I consistently find that people who make thematic maps come in two types: those who are comfortable putting the data into a specific, subjective context and those who are not. After having made tens of thousands of thematic maps over the years, I find that maps grounded in a specific context are consistently well received.
Figure 3: This map was created using the data dump approach. It uses the software defaults of Natural Breaks classification, a color ramp in shades of green, and somewhat obtuse precision of default break points.
It is helpful to assume most people don't know what your data is or how it can help them. Their lives and experiences are their frame of reference. Your job is to relate your map to them, not the other way around. To do this, you need to speak their language. Readers may not know exactly what adult obesity means, so tell them. They certainly won't know what percentage of all adults are obese. By explicitly telling the reader the national rate of adult obesity, you provide a frame of reference. If your entire map is anchored around that value, you've created a reference point that you and they can understand. You've created a comparison—you told them what the national value is, and the map shows how each county compares to that.

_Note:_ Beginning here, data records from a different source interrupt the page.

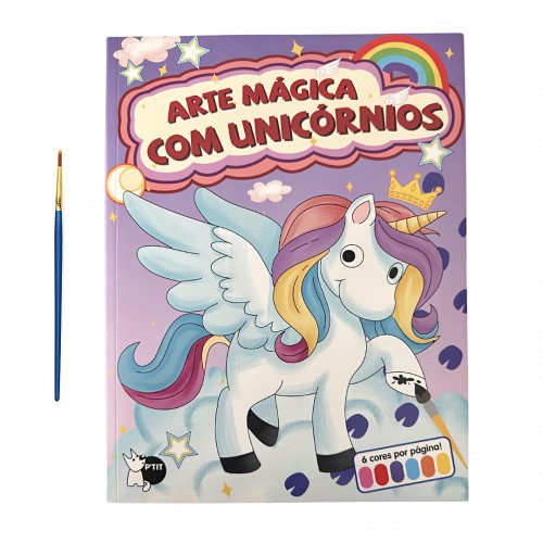 Os unicórnios são seres muito especiais, mas aqui falta algo... O que será? Isso mesmo, cores! Vamos pintar todos os desenhos? Com este livro, os pequenos vão poder colorir, pintar e desenhar muitos elementos fantásticos do mundo dos unicórnios. O melhor de tudo é que a tinta já vem em uma paleta na parte superior de cada página, não é demais? É só molhar um pouquinho o pincel na água e passá-lo por cima da tinta no papel e colorir para a mágica acontecer. Então, mãos à obra!
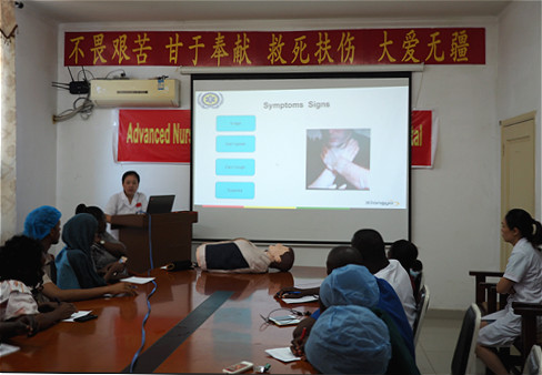 简短的开班仪式后,培训工作开始。龙护士长讲授了海姆立克急救法,学员们此前从来没有接触过这一救治法。学员们说当地有很多孩子死于窒息,这一急救法将会非常有用:“Manychildren die of choking and thistherapy is very useful.”课堂上,学员们聚精会神,在操作练习时,他们两两一组,认真学习不同人群出现窒息时的处理方法。随后,另外2位援塞护理专家张小琼、仇彩良分别讲授了无菌技术与样本采集相关知识。
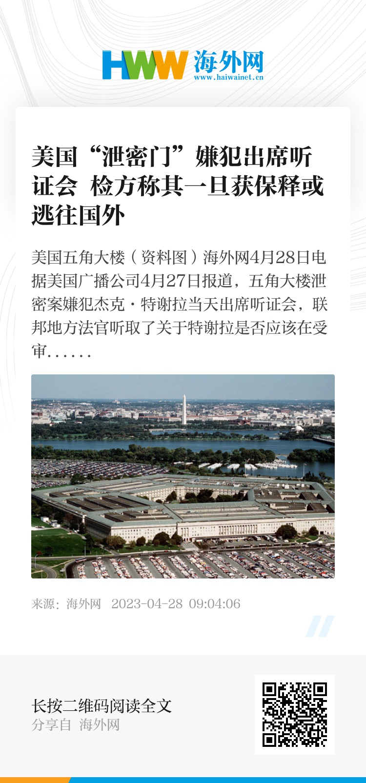 海外网4月28日电 据美国广播公司4月27日报道,五角大楼泄密案嫌犯杰克·特谢拉当天出席听证会,联邦地方法官听取了关于特谢拉是否应该在受审前被拘留的辩论。检方称,一旦保释,特谢拉可能会有“逃跑的风险”,特谢拉的律师则予以反驳。
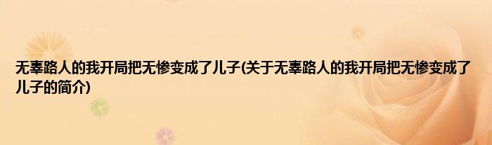 无辜路人的我开局把无惨变成了儿子(关于无辜路人的我开局把无惨变成了儿子的简介)
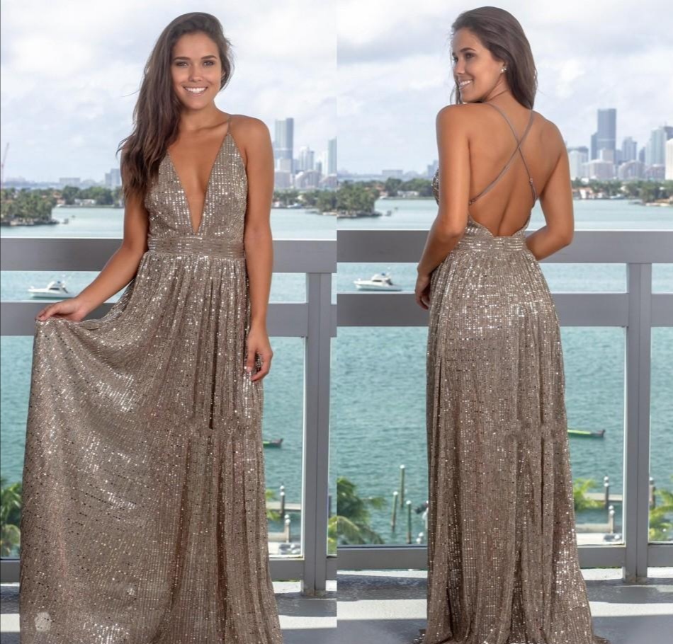 Modest Silver Sequined Prom Dresses Sexy Deep V Neck Evening Party GownDresses Sleeveless Open Back Evening Gowns
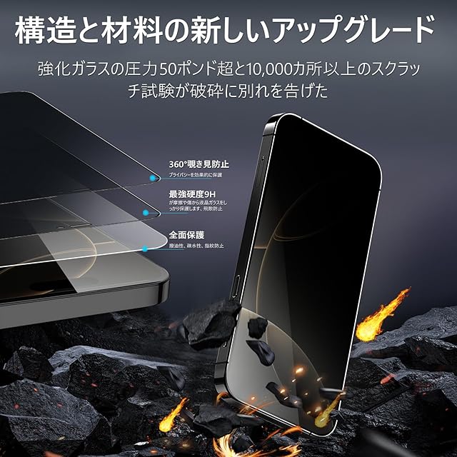 商品名:【360度 / 2枚セット】 iPhone16 Pro max ガラスフィルム 覗き見防止 360 アイフォン16プロマックス 保護フィルム 360° 全方向 覗き見 いPhone16Pro max フィルム 上下左右 iPhone 16Promax 用 覗き見防止フィルム 画面保護 覗き見防止フィルター 【 iPhone16Pro max カメラフィルム 付き 】
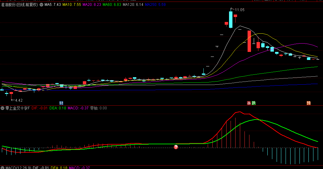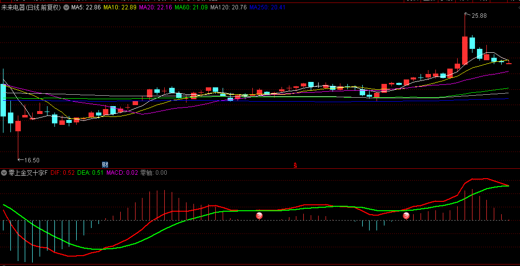 这里我们说的水上金叉指的是MACD的两条线在零轴上面产生的金叉;

The next example uses US household income data. The Median Household Income in the United States map in Figure 3 is an example of the "data dump" approach. We let the software choose the default Natural Breaks classification, applied a default color ramp in shades of green, and accepted the somewhat obtuse precision of default break points. All we know from this map is some areas are richer than others—something we already knew. The map is not grounded in anything, so I can't really see patterns showing where things are better or worse. The map is true to its own internal logic, but that's the point. This is not a map a person can add to their frame of reference.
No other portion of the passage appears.